— INSTRUCTIONS TO FOLLOW —
Nothing but the text belongs in the answer: the listing below, copied exactly, without pictures.

— RAW DATA —

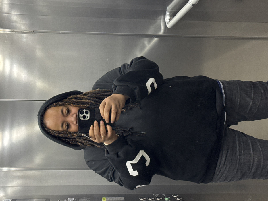 The scene depicts a single individual inside an elevator located in the city of Altenheim, Germany. The individual, an adult with dreadlocked hair and dark skin, is wearing a black hooded sweatshirt featuring a white numeral '3' on the left sleeve and an incomplete white symbol resembling a 'C' or 'D' on the right sleeve, paired with dark gray jeans. They are holding a dark-colored smartphone with both hands, positioned to capture a mirror selfie reflection. The smartphone has a prominent multi-lens camera array and is enclosed in a black case with a small side flap. The elevator interior features brushed metallic wall panels, a control panel with circular buttons visible on the left, and a white horizontal handrail mounted on the right wall.
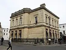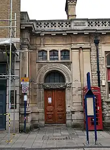 This is a listed building on County Court Road (formerly Regent Street), Cheltenham, Gloucestershire,[82] designed by Sorby in 1868 and completed in 1870.[32] It was built on the site of the previous county court said to be a "damp, dismal barn" and was opened with "very little ceremonial" on 6 January 1871. However the Cheltenham Examiner bemoaned its location, saying that "one can but regret that such a building should be so miserably located, and its beauty so completely lost".[83] Historic England describes the materials of the building as follows:[82]
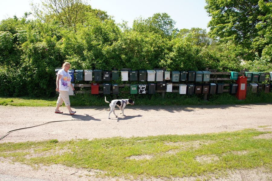 | Auf besondere Art wird in den ländlichen Gebieten in Schweden die Postzustellung gehandhabt. Die Hausbriefkästen befinden sich hier nicht direkt am Haus bzw. auf dem jeweiligen Grundstück. An ausgewählten zentralen Stellen, die vom Zusteller gut zu erreichen sind, sind die Hausbriefkästen mehrerer Häuser zusammengefasst. Die Fahrzeuge der Zusteller sind Rechtslenker, so dass vom Fahrersitz aus die Briefkästen bestückt werden können...: | |||

— FINAL ANSWER —
 The scene depicts a single individual inside an elevator located in the city of Altenheim, Germany. The individual, an adult with dreadlocked hair and dark skin, is wearing a black hooded sweatshirt featuring a white numeral '3' on the left sleeve and an incomplete white symbol resembling a 'C' or 'D' on the right sleeve, paired with dark gray jeans. They are holding a dark-colored smartphone with both hands, positioned to capture a mirror selfie reflection. The smartphone has a prominent multi-lens camera array and is enclosed in a black case with a small side flap. The elevator interior features brushed metallic wall panels, a control panel with circular buttons visible on the left, and a white horizontal handrail mounted on the right wall.
 This is a listed building on County Court Road (formerly Regent Street), Cheltenham, Gloucestershire,[82] designed by Sorby in 1868 and completed in 1870.[32] It was built on the site of the previous county court said to be a "damp, dismal barn" and was opened with "very little ceremonial" on 6 January 1871. However the Cheltenham Examiner bemoaned its location, saying that "one can but regret that such a building should be so miserably located, and its beauty so completely lost".[83] Historic England describes the materials of the building as follows:[82]
 | Auf besondere Art wird in den ländlichen Gebieten in Schweden die Postzustellung gehandhabt. Die Hausbriefkästen befinden sich hier nicht direkt am Haus bzw. auf dem jeweiligen Grundstück. An ausgewählten zentralen Stellen, die vom Zusteller gut zu erreichen sind, sind die Hausbriefkästen mehrerer Häuser zusammengefasst. Die Fahrzeuge der Zusteller sind Rechtslenker, so dass vom Fahrersitz aus die Briefkästen bestückt werden können...: | |||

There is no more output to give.